The coordinator needs the `[server]` extra (`pip install 'voicegateway[server]'`) for its HTTP layer. Probers need only the base install.

## Coordinator

Run the coordinator somewhere the probers can reach over HTTP (a bastion host, a small VM, or a Fly machine with an internal address):

```bash theme={null}
pip install 'voicegateway[server]'
export LIVEKIT_URL=wss://your.livekit.cloud
export LIVEKIT_API_KEY=... LIVEKIT_API_SECRET=...

voicegw livekit sfu --coordinator --expect 3 \
    --ramp 10,25,50 --duration 20s --coordinator-port 8787
```

It blocks until all three probers report, then prints the combined report and exits.

## Probers on Fly.io

The `deploy/prober/` directory ships a `Dockerfile` and an example `fly.toml`. The image is a run-to-completion job that runs one prober and exits.

```bash theme={null}
cd deploy/prober

fly apps create vg-sfu-prober
fly secrets set -a vg-sfu-prober \
    LIVEKIT_URL=wss://your.livekit.cloud \
    LIVEKIT_API_KEY=... LIVEKIT_API_SECRET=... \
    COORDINATOR_URL=http://<coordinator-host>:8787

fly deploy -a vg-sfu-prober
fly scale count 3 --region iad,sjc,lhr -a vg-sfu-prober
```

Each machine reads its region from Fly's `FLY_REGION` and reports it as its vantage label, so a machine in `sjc` shows up as the `sjc` vantage with no per-region config.
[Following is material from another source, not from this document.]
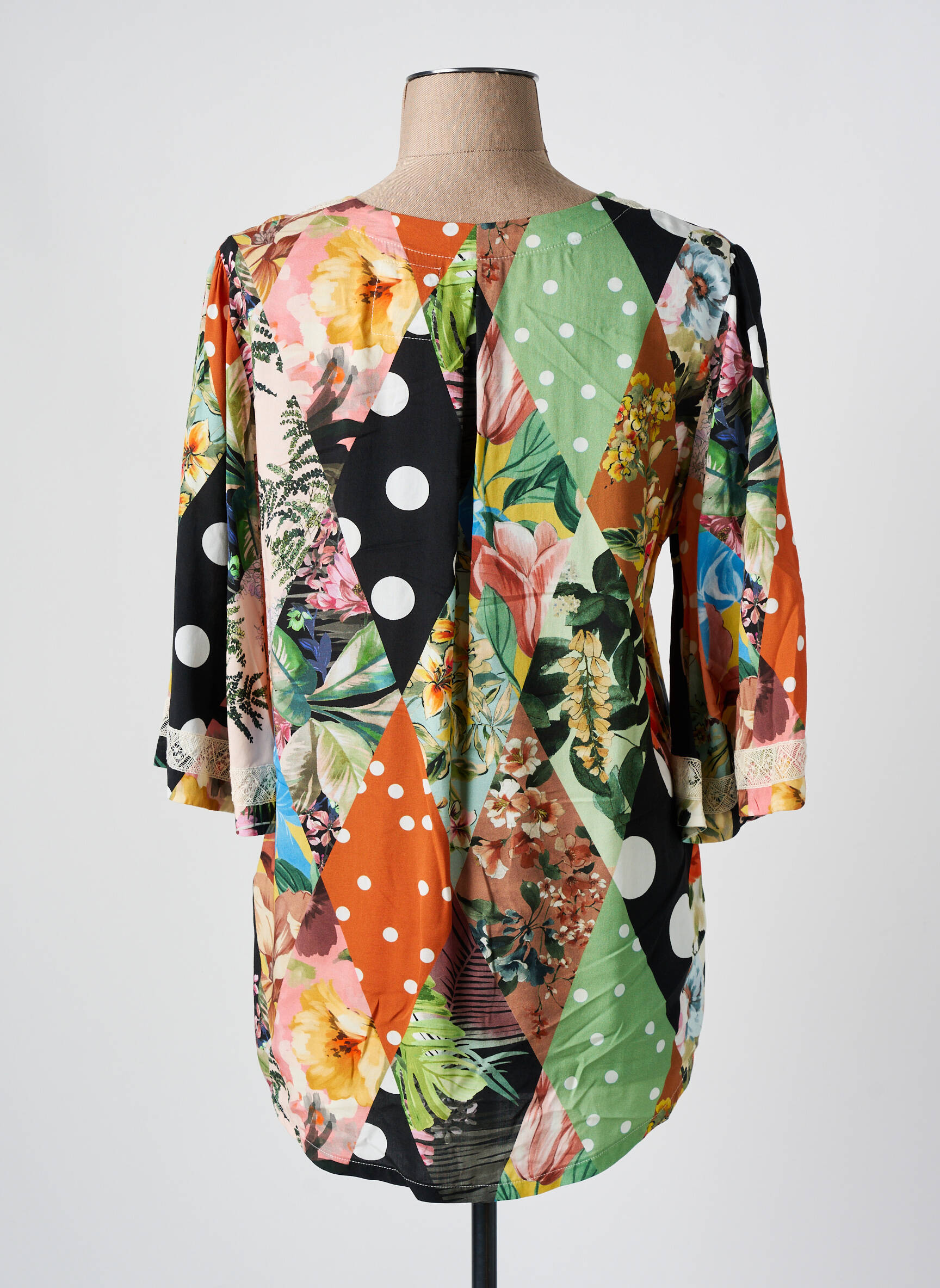 Craquez pour cette blouse CAP JULUCA pour femme à prix mini et offrez-vous une pièce unique et colorée sans vous ruiner, idéale pour dynamiser votre dressing avec style. Son imprimé patchwork floral et pois, mélangeant harmonieusement les couleurs vives et les motifs variés, apporte une touche de fraîcheur et d’originalité à toutes vos tenues. Les détails raffinés comme le col en V souligné par une fine dentelle et les manches trois-quarts légèrement amples accentuent son allure féminine et décontractée, parfaite pour celles qui veulent conjuguer tendance et économies.

The ramp and duration are dictated by the coordinator (every vantage runs the same job), so there is nothing to set for them on the prober.
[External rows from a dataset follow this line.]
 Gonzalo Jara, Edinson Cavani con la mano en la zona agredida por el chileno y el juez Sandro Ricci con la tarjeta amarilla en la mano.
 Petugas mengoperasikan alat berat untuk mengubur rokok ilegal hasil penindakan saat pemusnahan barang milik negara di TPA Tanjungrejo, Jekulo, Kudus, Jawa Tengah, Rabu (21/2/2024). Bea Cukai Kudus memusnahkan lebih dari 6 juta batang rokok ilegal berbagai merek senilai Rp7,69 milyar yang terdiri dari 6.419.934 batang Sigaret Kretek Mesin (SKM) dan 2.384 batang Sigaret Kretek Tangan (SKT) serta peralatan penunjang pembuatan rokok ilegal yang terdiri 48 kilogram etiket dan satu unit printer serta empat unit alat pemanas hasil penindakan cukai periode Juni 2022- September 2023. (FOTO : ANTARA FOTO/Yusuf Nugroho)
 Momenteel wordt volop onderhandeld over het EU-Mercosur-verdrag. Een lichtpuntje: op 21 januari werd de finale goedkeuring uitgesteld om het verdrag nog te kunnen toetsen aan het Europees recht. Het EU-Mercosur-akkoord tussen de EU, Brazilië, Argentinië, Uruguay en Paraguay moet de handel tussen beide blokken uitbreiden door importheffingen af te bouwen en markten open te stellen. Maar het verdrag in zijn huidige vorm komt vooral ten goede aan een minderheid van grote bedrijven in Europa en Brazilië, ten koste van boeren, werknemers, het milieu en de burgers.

Any host that can run a container works the same way: set `COORDINATOR_URL`, the LiveKit creds, and `VOICEGW_REGION`, then run the image. Fly is just a convenient way to place probers in specific regions.

## Limitations

* **The coordinator endpoint is unauthenticated.** `/register`, `/report`, and `/result` have no auth, so anyone who can reach the port can inject fake reports or read the result. Run the coordinator on a private network the probers can reach (a VPC, Fly private networking, an SSH tunnel), not a public interface, and only for the duration of the run.
* **Per-tier concurrency drifts after the first tier.** The barrier synchronizes only the shared start; each vantage then advances to its next ramp tier as soon as its own measurement finishes. Vantages stay aligned at the first tier, but faster ones run ahead on later tiers, so the combined per-tier client sums are exact at tier one and an upper bound thereafter. Read the combined knee as approximate, and lean on the baseline and first-tier numbers for the tightest signal.
* **If a prober dies, the run degrades rather than hangs.** The coordinator stops after its timeout (default 10 minutes) and aggregates whatever reported; a prober that never clears the barrier gives up after its own timeout. A missing vantage shows up under `dropped` in the report.

## Cost and safety

Distributed probing opens real SFU connections from many hosts at once. Unlike `latency`, it does not invoke STT/LLM/TTS providers (there is no agent in the loop), so there is no per-turn provider cost. It does consume SFU capacity for the duration of the ramp, so run it against a test project or during a maintenance window, not against production traffic.

## Related

* [`voicegw livekit sfu`](/cli/livekit#voicegw-livekit-sfu): the command reference and combined-report format.
* [Deploy on Fly.io](/deployment/fly): deploying the VoiceGateway engine itself.